Despite enjoying his part in the relationship for four years, 59-year-old Major—who is lecturing in America—yesterday spoke bitterly about the affair.

He said: ""Norma has known of this matter for many years and has long forgiven me. It is the one event in my life of which I am most ashamed and I have long feared it would be made public.".

Amazingly, Edwina told The Times in an interview that she fell for Major because he was RUTHLESS and DEVIOUS. She said: "Politicians admire the element of the devious in each other. It is essential in order for someone to rise that they have some streak of ruthlessness in their character.

"And he had it. He had it. He really had quite a Machiavellian streak about him, and if you're a politician you admire that.

Scandals

"And if we used each other a little bit that was all right, we would recognise that that was a sharing of experience and knowledge." The secret relationship also throws new light on Major's reaction to a string of sex and sleaze scandals which tore his government apart before the Tories were wiped out in the 1997 election. At first he stood up for colleagues such as David Mellor—famously exposed for having sex with actress Antonia de Sancha while wearing a Chelsea football strip.

Major's reaction can now be judged in the light of the skeleton in his own cupboard.

Remembering Major's difficulty in handling his accident-prone MPs, Edwina said: "Part of the fun was the thought that there John was sitting in the Whips' Office, sometimes discussing other people's affairs, and keeping very quiet about his own. And I loved that feeling."

At the 1993 Tory conference Major launched his Back To Basics campaign with a call for a return to old-fashioned morality. By the next year ELEVEN ministers and aides had quit in a welter of sleaze. Edwina told The Times: "Back to Basics was absolute humbug, wasn't it? I was at that party conference and I listened in absolute amazement. If you're asking me whether I thought that policy was a mistake? Absolutely."

In her interview Edwina several times breaks down in tears.

She says she continued to love Major until 1997. Asked if he was the love of her life, she replies: "At that time, yes."

Asked if she still loves him, she replies: "That's difficult." Then she weeps.

Edwina says she ended the affair because: "We could not continue without risking discovery."

She sobs too when asked if the affair left her feeling hurt.

"Much has been very, very hurtful to me." she says. "And I took it...and I said nothing...the most hurtful thing is to look at John's autobiography and find that I wasn't even in the index."Asked by The Times if Norma will be upset by her revelations she replies: "That's a bit of an understatement, isn't it?"

But she adds that Norma might be understanding because: "I loved John and so does she, so we'll have seen the same things in him.

"She's an admirable lady in her own right.

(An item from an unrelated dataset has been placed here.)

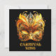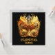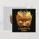 Eine verzierte Venezianische Maske zeichnet sich durch ein kompaktes Gold- und Schwarz-Design mit lebhaften gelben Federn und Goldprägung aus. Die Handwerkskunst zeigt elegante Blätter und lebhafte Farben.
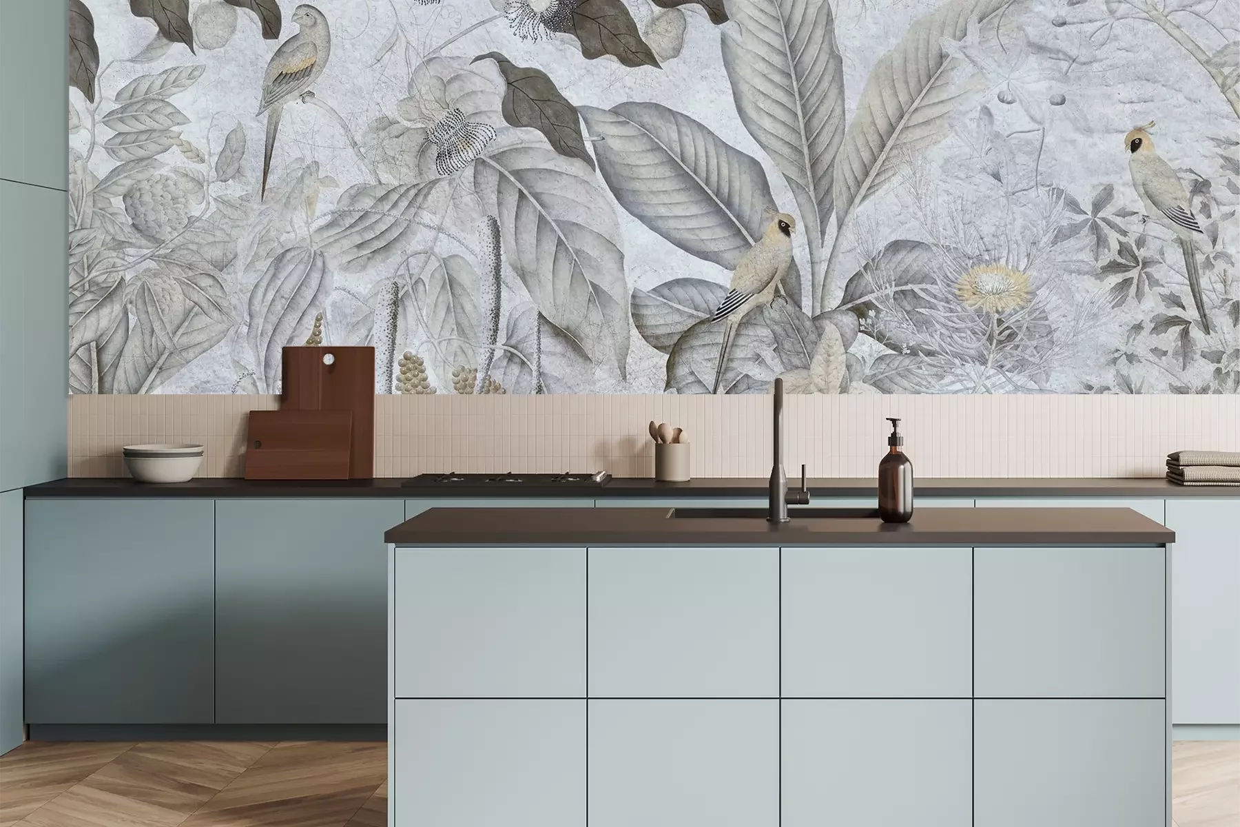 Het materiaal Premium is een glad vinyl op vlies, dat bestand is tegen uitrekken en vervorming. Het is dampdoorlatend – de muren kunnen vrij ademen – waardoor het geschikt is voor gebruik in de keuken en badkamer. Bij vervuiling kan het materiaal worden afgenomen met een vochtige doek. De maximale breedte van één baan bedraagt 95 of 105 cm, afhankelijk van de beschikbaarheid. Montage vindt plaats met de rand-aan-rand methode, wat een esthetisch resultaat zonder zichtbare naden oplevert. Omdat de lijm rechtstreeks op de muur wordt aangebracht, verloopt de installatie van het fotobehang snel en eenvoudig.

She's a good, decent woman."

Edwina yesterday faced accusations that she only wanted to boost sales of her £18.99 diaries.

History

But she brushed off criticism. "This is the year 2002, nearly 2003," she says. "The making of a Prime Minister, it seems to me, is a profoundly significant piece of knowledge, piece of history.

"And this is part of the story that no one else has ever been able to think about."

Edwina even claims the affair may have helped Major become PM.

Major was the son of a trapeze artist whose garden gnome business later failed. Yet young John rose from his disadvantaged youth to be a Tory Premier. Edwina says: "There are lots of people who would like to know how to become Prime Minister. I don't say you should sleep with your colleagues, but if you get enough love and support, you might then be emboldened to have a go. And I think that's exactly what happened."

Edwina's ex, Ray, 57, would not come to the door at the home he shared with her during her time as MP for South Derbyshire.

Last night Edwina was on holiday at her second home in France. She is thought to be with John Jones, 61, a retired Met detective she married three years ago. Mr Jones has been told of the romance.

Lady Archer, the wife of disgraced Tory peer Lord Archer, told on radio of learning of the affair. She said: "I am a little surprised, not at Mrs Currie's indiscretion but at a temp-orary lapse in John Major's taste."